Дэймон махнул рукой на участок лодки, который он испещрил огнём: «Всё, что имеет значение, – это эстетика».
В передней части корабля, ближе всего к носовой фигуре – деревянной деве, протягивающей обе руки к морю, была выжжена голова орла, состоящая из многих десятков извилистых линий и вырезанных пальцами узоров.
— Божественность существует отдельно от нас, — тихо сказал Дэймон. — Мы обращаемся к ней единственным доступным нам способом. Создавая красоту, достойную внимания. Проживая жизни, достойные рассказа. Гиро ввёл вас в заблуждение: эти рисунки – разум философа, да, но это также страсть и голод. Каждая из этих линий была нарисована по законам природы, человеком, живущим в соответствии со своими принципами и пропитана светом его жизненного опыта.
— Но почему мы должны добавлять к ним ещё и наши отметины?
Он слабо улыбнулся: «Потому что это не только мой корабль. Он наш».
— Оставьте свой след так, как считаете нужным, — посоветовал нам Гиро. — Ваша собственная правда, ваши собственные принципы, ваш собственный жизненный опыт. До тех пор, пока это подходит.
— До тех пор, пока это красиво.
Мы с Фотиосом обменялись взглядами. Каждый из нас уже знал, какой вклад он внесёт в корабль. Молодой Аристократ, глава молодого поколения, оставил свой след в виде орлиной головы. Гиро, хищник со своим охотничьим клинком, несомненно, оставит свой след в виде пары когтей. Оставляя нам с Фотиосом место посередине между ними.
Чем ещё мы могли быть, как не крыльями?
— Это будет долгая ночь, — устало сказал я.
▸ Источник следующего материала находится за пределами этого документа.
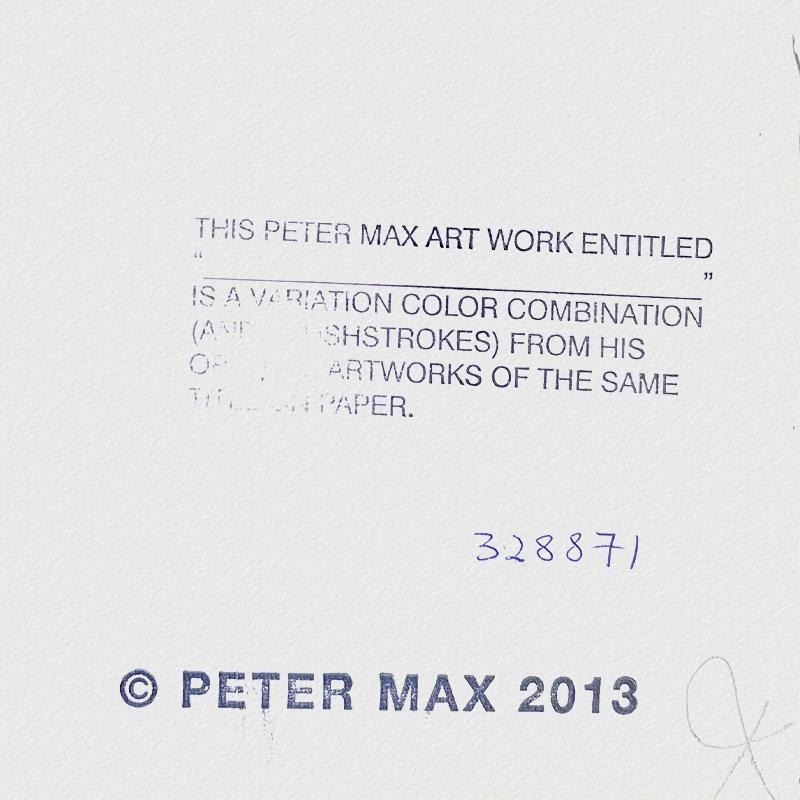 "Angel with Clouds" is a one-of-a-kind acrylic mixed media on paper, hand signed by Peter Max. The piece comes custom framed with a backside cutout to display Peter Max Studio registration number 328871 certifying authenticity. Measures approximately 24" x 22" (frame), 10" x 8" (image). This item requires special handling and may have a longer than usual turnaround.

Хотя я не мог отрицать и некоторого волнения. "Наш корабль". Это оно, не так ли?
— Мы будем спать, когда окажемся в море, — сказал Фотиос, ухмыляясь и перебираясь на другую сторону рамы, чтобы занять квадрат несгоревшей древесины.
— Такими темпами это будет ненадолго, — размышлял Гиро. Он посмотрел на Дэймона. — Ты не теряешь времени.
— Чем быстрее всё будет готово, тем лучше.
Я закатил глаза: «Ты продолжаешь это говорить, но так и не объяснил нам, почему. Где горит?»
Яркие концентрические кольца, вращающиеся в глазах Молодого Аристократа, на мгновение замерли. Я моргнул, и они возобнови движение.
— Я не знаю, — признал он.
— Тогда зачем мы вообще спешим? — раздражённо спросил я.
— С уважением, — добавил Фотиос настолько неуважительно, насколько мог.
Дэймон пожал плечами: «У меня есть предчувствие».
В конце концов, я полагаю, что это всё, что нам нужно было услышать.
•
— Лорд Этос! Лорд Этос!
— Хм?! — Я рывком поднялся на ноги, остатки ткани, не понадобившиеся для мачты, упали с меня. Фотиос очнулся на соседней скамье для гребцов, ругаясь так, словно он уже был моряком, и потянулся к своей тунике, чтобы вытащить трезубец из складок ткани.
Я последовал его примеру, потянувшись в складку своего алого культового одеяния, складку логики –
Следующее предложение истинно. Предыдущее утверждение ложно.
– и вытащил оттуда копьё.
Я был уже на полпути к тому, чтобы метнуть копьё с борта Эоса, когда, наконец, понял, кто это кричит нам с берега. Я прищурился на уродливого раба со сломанным носом, черты лица которого, были частично закрыты руками, которыми он защищал лицо.
— Подожди! — закричал он в панике. — Это я! Не надо!..
— Тон? — потребовал я. — Что ты здесь делаешь?
— Кириос получил известие из Олимпии сегодня утром! — Другой раб, имени которого я не знал, бросил нам рулон папируса.
Фотиос застонал, поймав его: «Будь ты проклят, Димас. Неужели это было так важно, что тебе надо было разбудить нас в этот нечестивый час?» — Раб, очевидно Димас, взглянул на весёлое небо над головой. Солнце как раз проходило зенит.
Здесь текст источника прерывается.